About 70% people in reality are likely to move in groups according to the study in [1]. Such social phenomena mean that people in most realistic scenarios tend to behave like a group instead of an individual. For example, as shown in Fig. 1, persons may move together with some friends or strangers in the road, which may lead to occlusions of their bodies. In this case, it can be inferred that the mismatch possibilities of the person identity could be decreased if the target person had been supplemented useful correlations in the surrounding group, which are unrelated to the distribution of the surveillance [2], [3], [4], [5]. Therefore, to make further improvement, it is a necessary and significative issue to find an efficient correlation between a person and a corresponding group.
A group consists of several specific pedestrians who maintain high motion collectiveness during a continuous period of time, it is an elementary unit to constitute the crowd [6]. This study aims at a novel task of pedestrian group retrieval, which refers to re-identify a target group of persons who have been observed over a network of other surveillance cameras.

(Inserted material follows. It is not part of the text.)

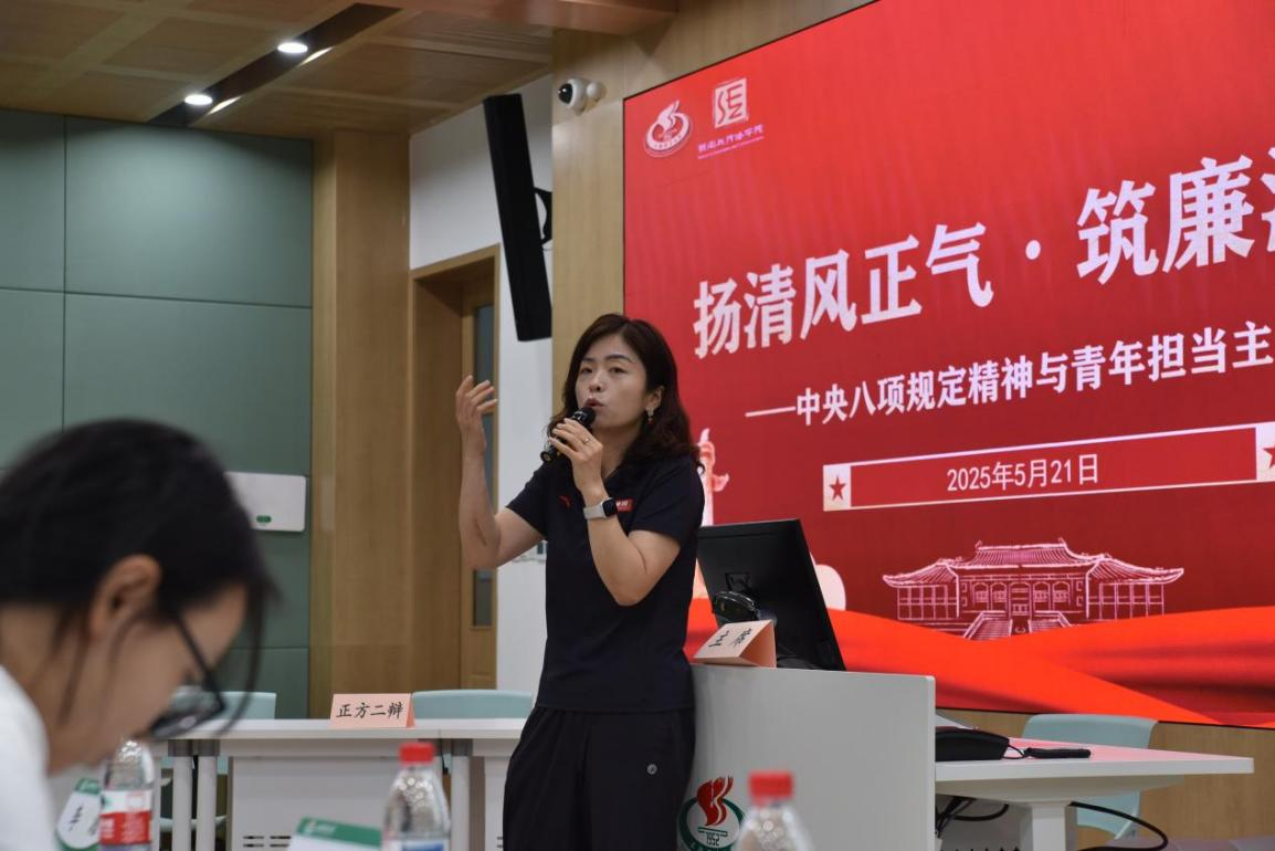 校党委组织部、统战部副部长杨妍妍对辩手们的表现予以肯定和鼓励,她指出,本次活动的形式虽是一场场精彩纷呈的辩论赛,但更是一堂生动的学习教育党课。习近平总书记在作风建设论述摘编中提到:党性教育是共产党人修身养性的必修课,也是共产党人的“心学”,从这个层面上理解,个人修养在廉洁文化中可能占据着更加重要的位置,青年党员同志们要坚定理想信念,强化自我修炼、自我约束、自我改造,不忘初心、牢记使命,持之以恒发扬党的光荣传统和优良作风。

That is to say, for a given query group image in a scene, the task is to match the images with the same group identity in other scenes from the gallery correctly. Group retrieval can be applied in many regions, such as anomaly detection, multiple object tracking [7], crowd behavior understanding [6], and suspicious activity analysis. Specifically, researches on group retrieval can provide useful cues for monitoring the moving criminal group by surveillance. On the other hand, surveillance technology has made tremendous progress and been equipped in widespread scenarios including supermarkets, roads, train stations and airports, which is of great help to solve the issue of group retrieval [8].
The group retrieval problem involves many difficult challenges: There is no overlapping view among different cameras since they are quite distant from each other, which brings about some difficult challenges such as uncertain variations of viewpoint and diverse illumination changes [9], [10]. In addition, group retrieval requires identification of multiple pedestrians with diversities in pose and interaction of intra-group members. Considering that the group consists the crowd as its primary part, a large changing crowd can be decomposed into some unique groups with fixed members. Thus, this paper assumes that members in a specific group are stable and remain unique in various cameras during the period of the group retrieval task.
There are fundamental differences between the group retrieval and the person re-id, group retrieval re-identifies a group of several correlated pedestrians with high collectiveness as a whole, whereas person re-id [11] only re-identifies a specific pedestrian individually. Moreover, in daily life, people are prone to move together like a collective group, there is much more interaction among intra-group members than person re-id, the interactive motions have diverse types such as chatting or exchanging position, which contains useful cues for the retrieval. Thus, the internal correlations of the group are failed to be dealt with person re-id, so traditional person re-id approaches cannot directly solve the group retrieval task. As shown in Fig. 2, unlike person re-id, which relies greatly on appearance cues, group retrieval pays more attention to the correlation among its members and relieves the interference caused by the dependence, which makes up for the shortage of person re-id due to its dependence on the appearance cues of each individual.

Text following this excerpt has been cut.